Le Tonneau magique

Bernard Malamud, «Le tonneau magique», traduit de l’américain par Josée Kamoun, Rivages

Treize nouvelles, chacune consacrée à des gens ordinaires, artisans fraichement immigrés ou installés de plus longue date.
La plupart de ces portraits publiés en 1959 sondent l'âme humaine et pas toujours sa meilleure part.

Le métro le conduisit jusqu'à la 116e rue, et de là, il s'aventura dans un monde obscur et sans repères. Il était vaste, ce monde, et ses lampes n'éclairaient rien du tout. Partout des ombres, souvent mouvantes. Manischevitz claudiquait en s'appuyant sur sa canne, ne sachant où chercher dans ces immeubles de rapport noircis, scrutant en vain à l’intérieur des boutiques à travers la vitrine. Il y voyait des gens, et ces gens étaient tous noirs - il n'en revenait pas.

L'ange Levine – p. 64-65

Certes les conditions de vie dans les immeubles minables de New York sont difficiles et le frottement des cultures implique plus la concurrence que l'entraide. On cherche à se tirer de cet environnement sordide.

Décidément, Sobel était bizarre: lire autant, lui qui n'avait pas fait d'études ! Du reste il lui avait un jour posé la question : Sobel, pourquoi tu lis comme ça ? Et l'ouvrier avait été incapable de lui répondre. Tu as étudié à la faculté, dans le temps ? L'autre avait fait non de la tête. Il lisait pour savoir, disait-il. Mais pour savoir quoi, avait repris le cordonnier, et puis savoir, pourquoi ? L'ouvrier ne lui avait jamais répondu, ce qui prouvait bien qu'il lisait autant parce qu'il était bizarre.
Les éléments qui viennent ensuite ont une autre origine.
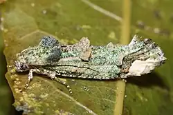 Hudson regarded the adult moth's protective resemblance to a moss or lichen covered twig as highly efficient in protecting the insect from predation.[7]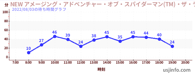 • NEW アメージング・アドベンチャー・オブ・スパイダーマン(TM)・ザ・ライド 4K3D$B$N(B2022年08月03日の待ち時間
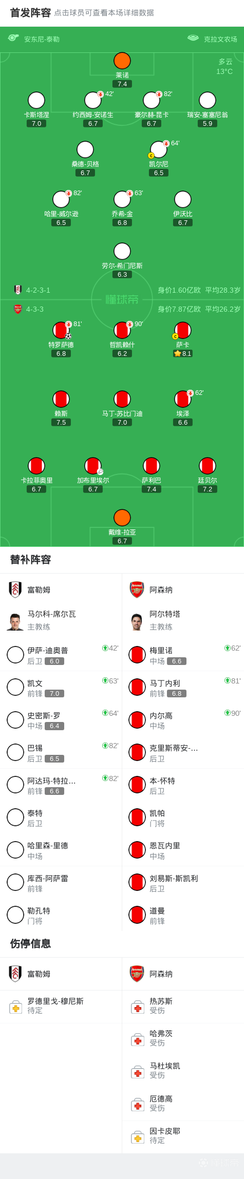比赛进行至第42分钟,富勒姆队进行人员调整,安诺生因伤退场,迪奥普替补登场

Les sept premières années – p. 19


Le regard porté sur l'autre est interrogateur, même lorsqu'il appartient de fait au même milieu, par exemple, professionnel. Et celui qu'on a sur soi est désabusé. En quoi son appartenance, notamment sa judéité, nous apporte-t-elle une plus-value? Le carcan des croyances ou des traditions que certains s'imposent est davantage un poids qu'une libération.
Pickle Guy NYC

The Pickle Guys, pickles kasher dans Lower East Side

Dans son récit La dame du lac, qui a pour cadre les îles Borromées, Malamud, invite à aller au-delà des apparences. Le premier regard est rarement pertinent, la vérité se découvre petit à petit dans l'écoute réciproque et non dans la projection de ses envies.
Bien qu'écrites à une époque où la perspective d'améliorer ses conditions d'existence était réaliste, les nouvelles du Tonneau magique ont une tonalité pessimiste voire cynique.